The implementation of calculatePay, is extensible as it stands.

    public Number calculatePay (Interface department)
You delegate to the class (even if the interface is optional)

    Number val = defaultPayscale();
    if(department) {
        val = department.getPay();
    }
    return val;
Because EVERYONE expects Employee to have a calculatePay of some sort, for accounting software. The idea that you want to smear a concept across domains for a misguided utopian design is over-engineering. Programmers have an average intelligence, so aim for supporting a simpler mentality, regardless of your beliefs.


My point is that IT doesn't (and shouldn't) need to know about employee pay. Extending the Employee class to HR, Accounting and IT is a bad design.

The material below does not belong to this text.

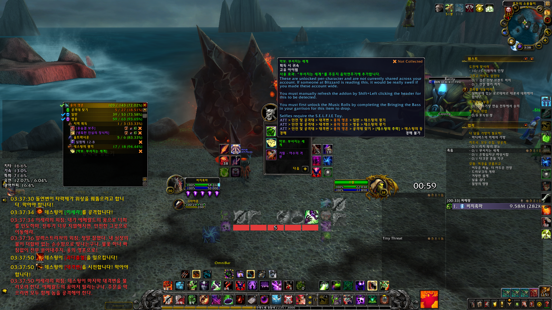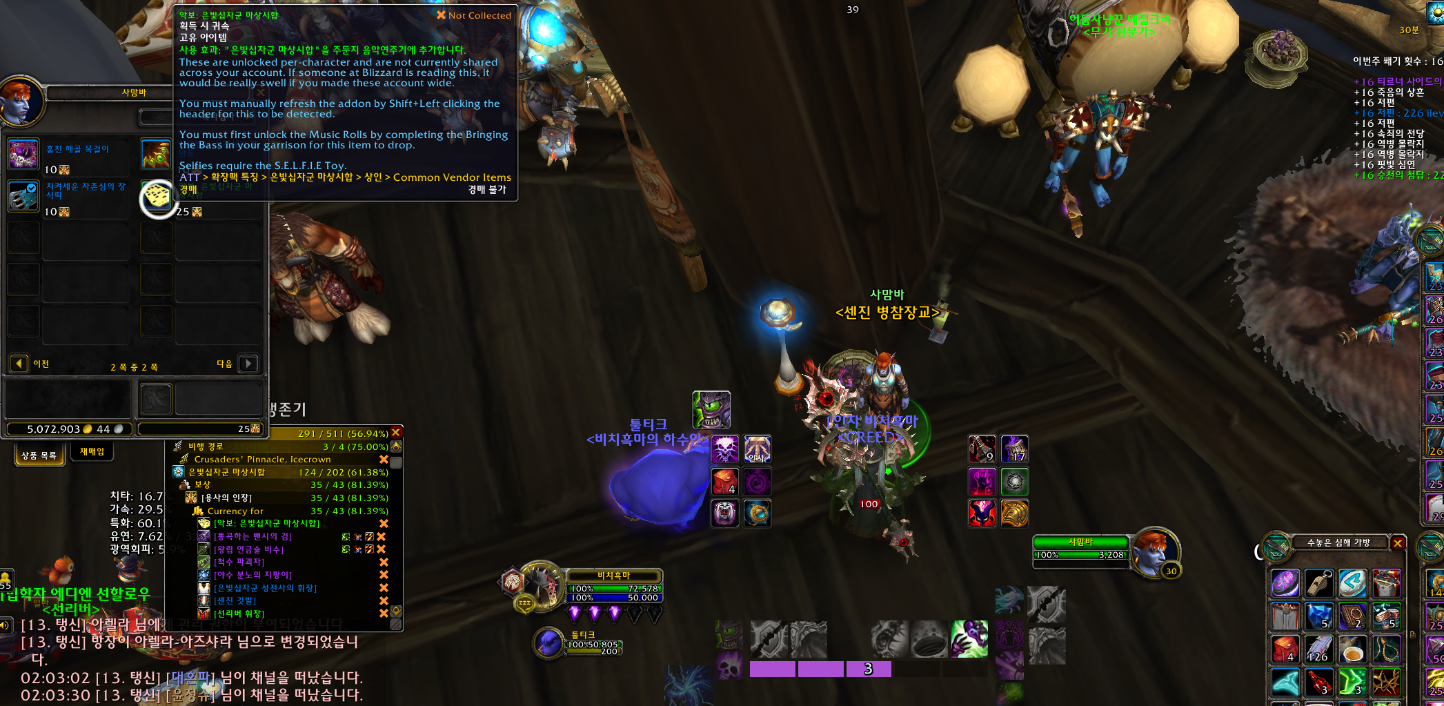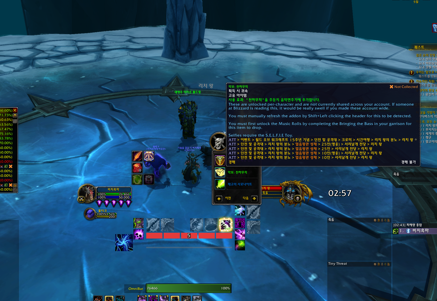 히트곡. 모두 수집. 성공적. 업적은 드레노어 확장팩 업적으로 주둔지에 음악연주기가 있는데 모든 악보를 전부 수집하는 업적입니다.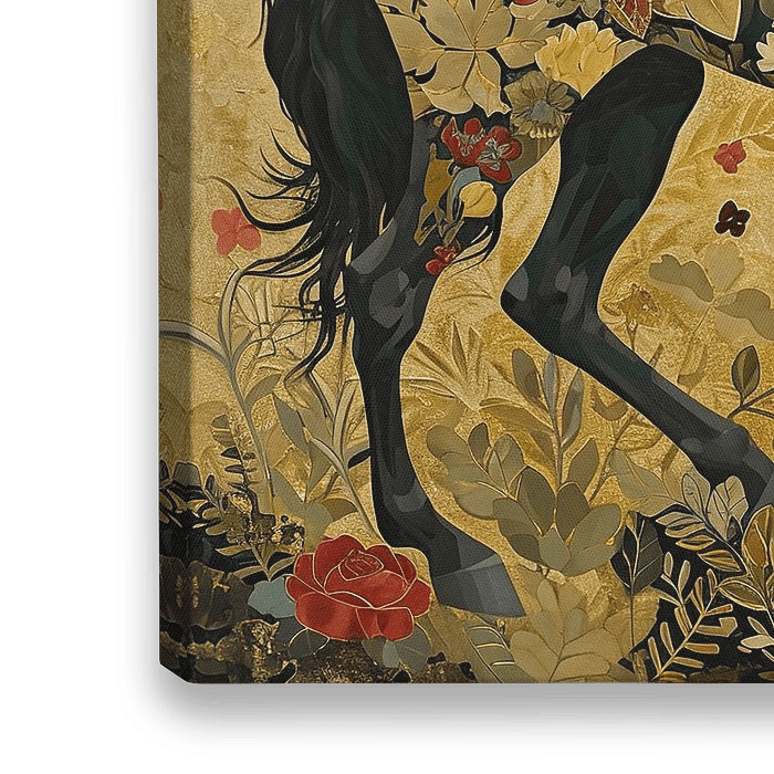 Blumenpracht - Dieses Gemälde zeigt eine künstlerische Interpretation eines Pferdes, das in einem mehrschichtigen Stil mit Blumenmotiven und organischen Elementen gemischt wurde. Der Hintergrund ist reich an goldenen Tönen, die ein luxuriöses Gefühl vermitteln, während das Pferd selbst mit einer vielfältigen Palette von Blumen in warmen…

You're violating ISP here. The Employee class can implement IThingThatGetsPaid, but IThingThatHasNetworkAccess should know nothing about pay.

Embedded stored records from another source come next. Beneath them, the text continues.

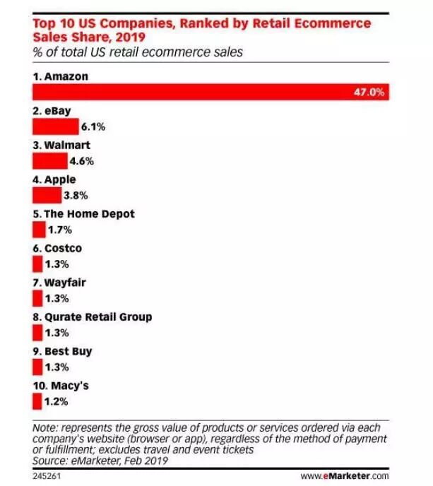 据市场研究机构eMarketer的数据,目前,亚马逊以 47% 的绝对优势占据着美国电商市场的主导地位,排在其后面的 eBay、沃尔玛、苹果,统统不到 10% 。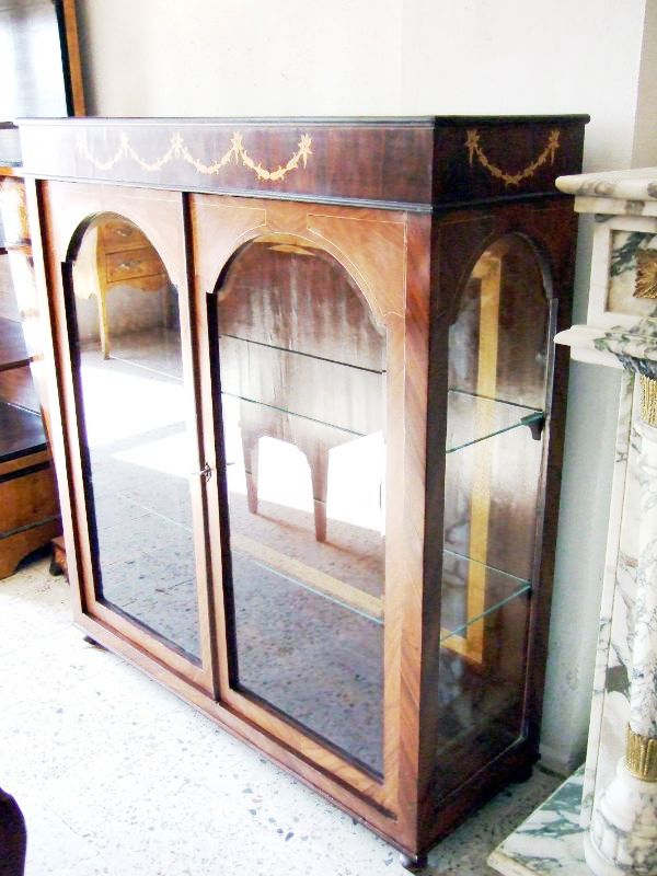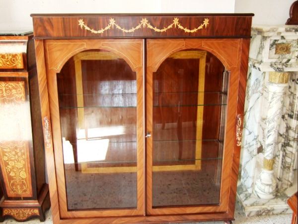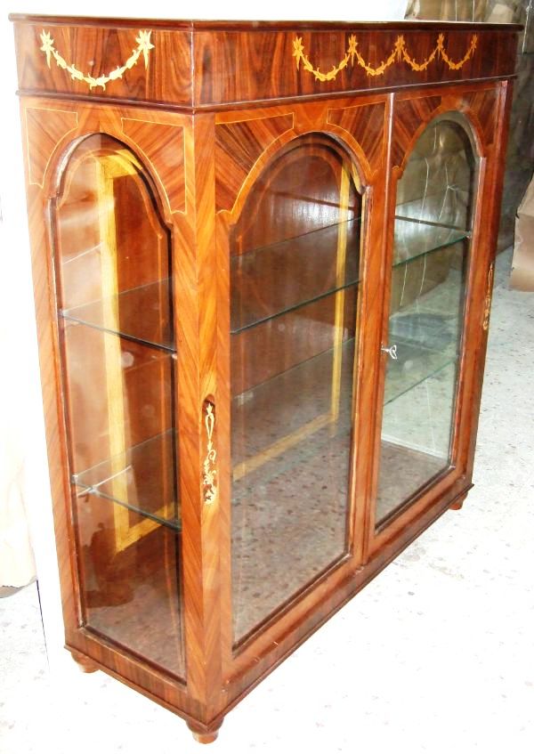 Italian Style Vitrin inlaind with palisander and walnut veneers and delicate marquetry floral pattern, with incised glass two doors, glass sides and two glass shelves.
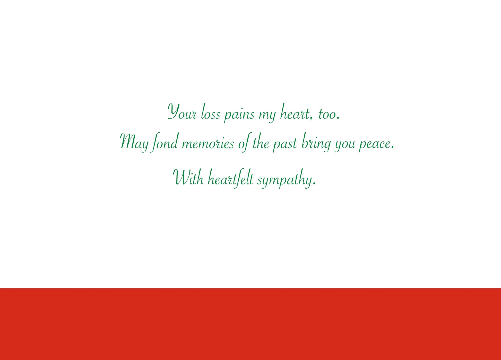 Page 3: Your loss pains my heart, too. May fond memories of the past bring you peace. With heartfelt sympathy.

The Employee itself should have the minimal amount of information it needs. Prefer interacting with an object through a small API surface. It's not "smearing a concept across domains", it's the exact opposite. It's confining a concept to the appropriate domain.

The original design pollutes the Employee interface with multiple concerns.

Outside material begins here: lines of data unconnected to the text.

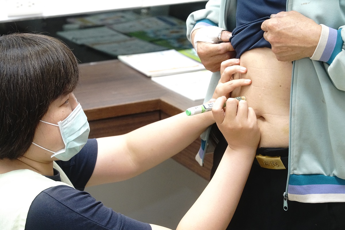 衛教師耐心指導黃先生及其家人如何注射胰島素,包含施打的位置、劑量控制及小訣竅,讓家人也輕鬆上手,陪黃先生一起對抗糖尿病。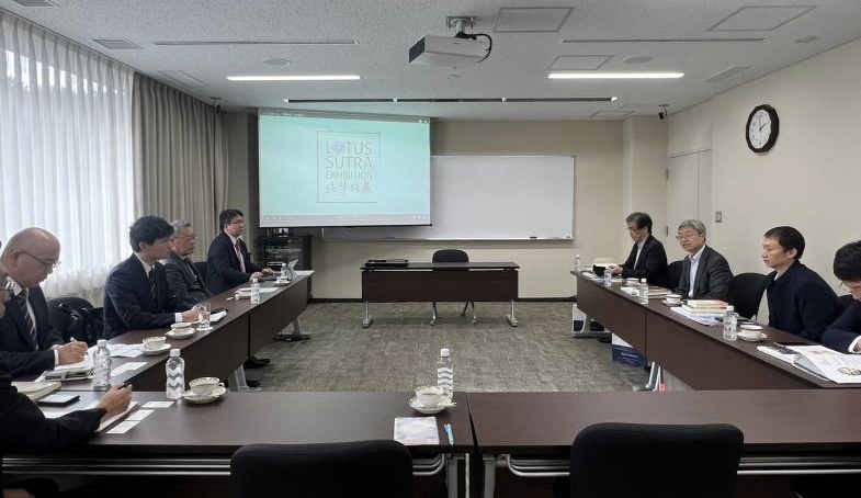 2024年10月30日,敦煌研究院党委书记赵声良一行应邀访问了位于日本东京都八王子市的东洋哲学研究所,东洋哲学研究所所长田中亮平简要介绍了该所的情况,对赵声良书记一行的到来表示欢迎。该所研究员茑木荣一介绍了由东洋哲学研究所主办的“法华经——和平与共生的启示”展览十多年来在世界各国展出的情况,对敦煌研究院对展览的支持表示感谢。“法华经——和平与共生的启示”展览最早是2006年开始举办的,最初就得到敦煌研究院的支持,2017年新加坡展,敦煌研究院就作为共同主办者一同推动展览。2018年,双方正式签订学术交流协议,同年9月在敦煌研究院共同举办了“敦煌与法华经”研讨会,自此双方学术互动与文化交流日益密切。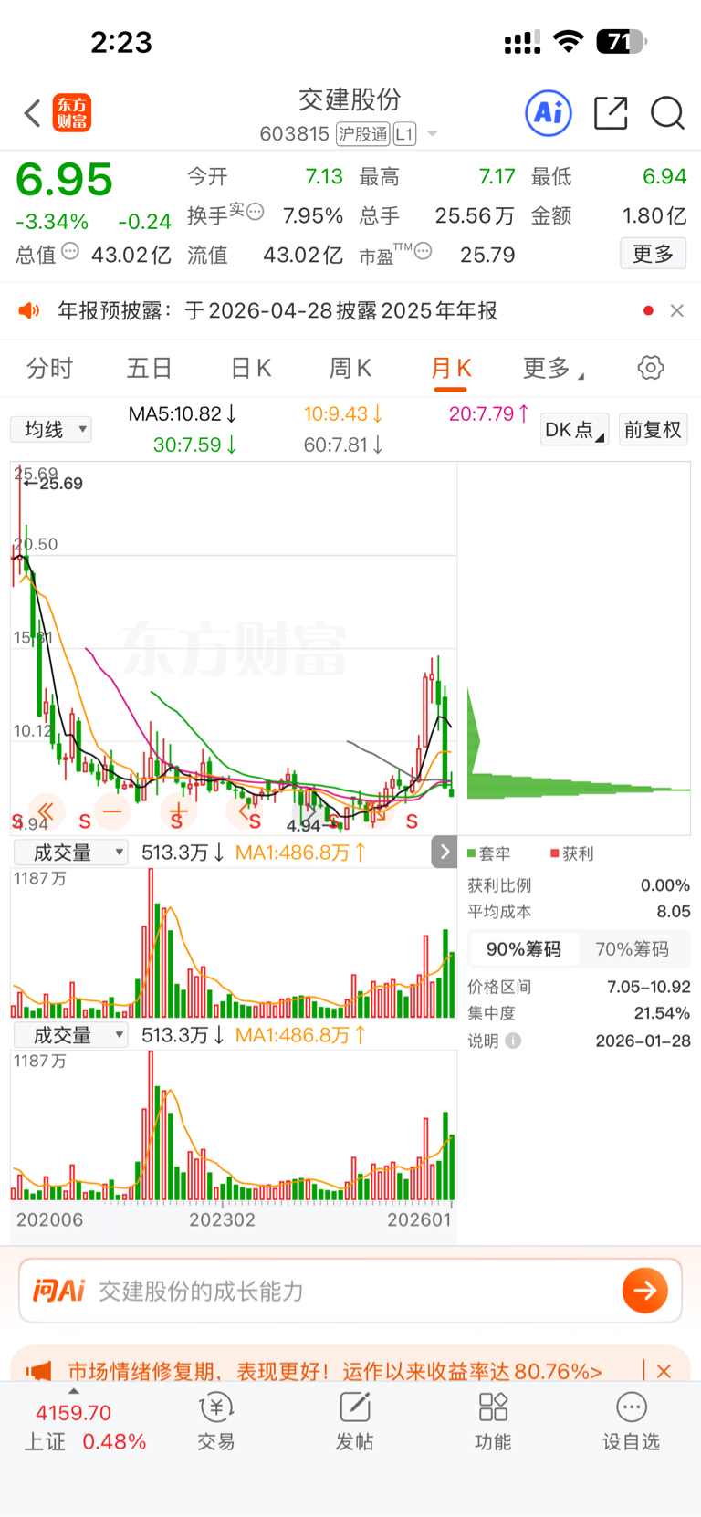 $交建股份(SH603815)$ 大家去看看获利筹码吧,赔钱卖?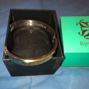 Two tone Rustic cuff clasp bangle. Silver with gold nameplate that reads love.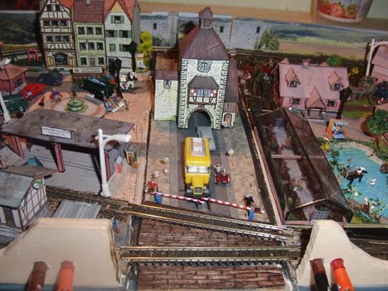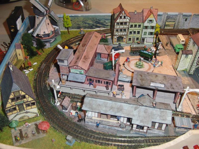 Anlage im Aktenordner, klappbar, Gleisübergänge zum Einsetzen mit Federstahldraht. Ein Gleisoval mit Trafobetrieb. Alle Gebäude aus Karton, beleuchtet.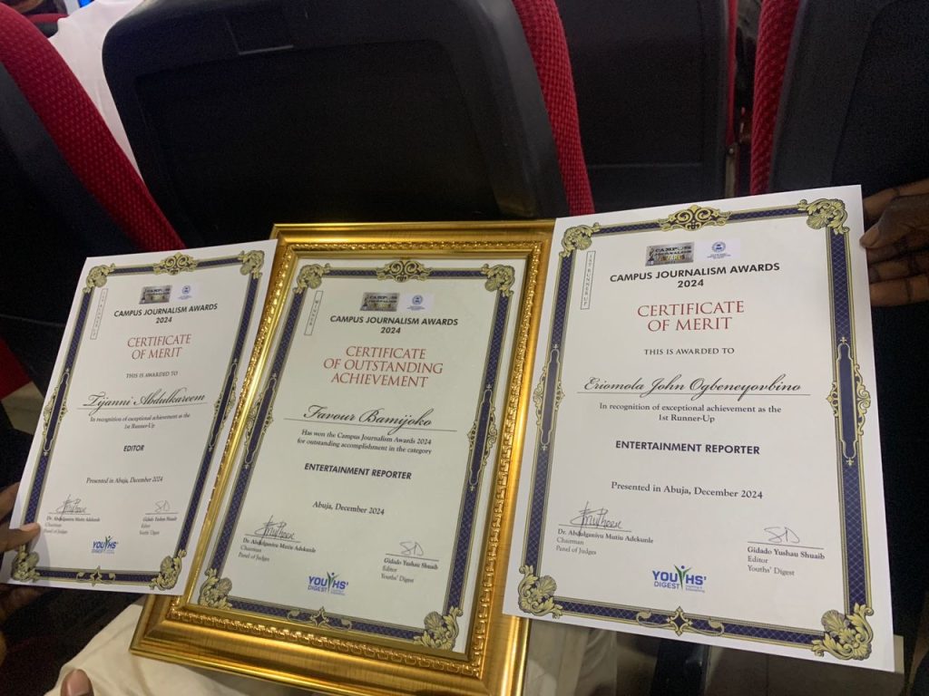 An Editorial of the Union of Campus Journalists, University of Ibadan (UCJUI), including reports written by two members of UCJUI shine in the Youth Digest National Campus Journalism Awards (CJA) 2024.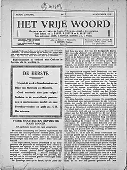 - ^ "Het "Vrije Woord" opnieuw verschenen". De tribune : soc. dem. weekblad. 12 July 1921.

> IT doesn't (and shouldn't) need to know about employee pay

Project Budgeting, is one concern. You may not need to know the exact cost, but, having a hourly rate is useful.

"A,B & C 80 hrs a piece, how much for the budget ?" Don't know have to ask HR for ....


I don't know where you work but I generally find that employees do not calculate their own pay, apart from maybe reporting hours they tend to not be involved in the transaction at all, HR does the work and deposits it to the employees bank account.

If we subscribe to the idea that OO should model the real world (I don't) then the HR class is definitely where the work should be done.


> employees do not calculate their own pay

My paychecks list the hours and rate paid, more often than not. But dispensing with that (because it's not relevant), a class isn't an actor-model. The tried-and-true Class Car->Drive() example (the car is doing something) is a contrived way to illustrate one of the ways a class can be used, as a learning tool. You don't want to create systems with that mentality, as it will always disappoint and spawn countless new webs of inheritance as time goes on.

This is all hand waving, but that's a rather important issue to realize. There's no science behind design yet and it hasn't changed since the late 90s (when I started). My experience teaches me as with your own. I am afraid we'll just have to agree to disagree.